Creates an ML Pipeline leveraging PySpark SQL and PySpark MLib to predict airfoils noise levels.

This repository contains Data Engineering and ML material completed to obtain the Data Engineering Professional Certificate and the Machine Learning with Apache Spark Certification offered by IBM.

The project aims to create an ML Pipeline from a data engineer perspective at an aeronautics consulting company that designs airfoils for use in planes and sports cars. In this project, the
NASA Airfoil Self Noise dataset was used.
The dataset was cleaned, and a data ML pipeline was created to evaluate the model that will predict the
SoundLevel-based in multivariate data. The models were evaluated and persisted.

While the dataset and some parts of the ML pipeline structure are preserved, the notebook here is updated to work with PySpark version 3.5.3. The pipeline can be run using Final_Project.ipynb or main.py on the terminal.

Current Content

• Jupyter Notebook - Final_Project.ipynb
  • Processing data with Spark dataframes
  • Variables correlation visualisations
  • Training 4 Regression Models from PySpark MLib: Linear Regression, Factorized Machines, Random Forest and Gradient Boosted Regressor
  • Cross Validation for the best model from previous models
• Pure Python
  • spark_utils.py - contains functions to build the pipeline
  • main.py - runs the pipeline and saves the metrics in a parquet format

1. Variables Correlations

Fig 1. Correlations heatmap for the NASA Airfoil Self Noise dataset.

The AngleOfAttack and SuctionSideDisplacement variables are highly correlated (0.75) (Fig. 1).

2. Results

2.1 Comparing regressors model with data training, validation and test splits approach

Table 1: Validation scores

Metrics	Linear Regression	Factorized Machines	Random Forest	Gradient Boosted
MAE	4.02	49.09	2.43	1.71
MSE	26.38	3292.36	9.45	5.82
RMSE	5.14	57.41	3.07	2.41
R2	0.42	-70.9	0.79	0.87

Table 2: Test scores

Metrics	Linear Regression	Factorized Machines	Random Forest	Gradient Boosted
MAE	3.92	45.72	2.43	2.05
MSE	23.98	2980.4	10.02	8.21
RMSE	4.9	54.59	3.17	2.87
R2	0.57	-52.49	0.82	0.85

It can be observed from Tables 1-2 that the best model is the Gradient Boosted Regressor.
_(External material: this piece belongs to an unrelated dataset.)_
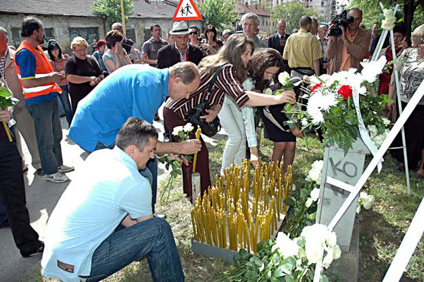 Sveće i cveće na mestu stradanja vojnika JNA u Tuzli
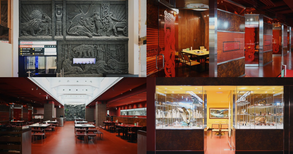 詹記這回重磅進駐西門商圈,選址於大世界商業大樓地下B1,原本為大世界戲院。新店擁有300坪大空間,裝潢設計找來「本事空間製作」操刀,以深紅色為基底、1990年代風華為樣本,打造出別具特色的摩登台風,像是巨石浮雕、藝品店展示櫥窗等等,還有3D藝術家Dorairolg(黃海恩)創作的「超現實火鍋古物」。

2.2 Fine-tune the best Cross Validation and Parameters Grid search - 5 Folds

Table 3: Best Model result and parameters for the Gradient Boosted Regressor optimisation

Model	No Folds	RMS	R2	MaxIter	MaxDepth	MaxBins
Gradient Boosted	5	2.60	0.87	25	8	25

Notes:

Install the dependencies

• pip install findspark
• pip install pyspark

Running in the terminal

• python3 bigdata/main.py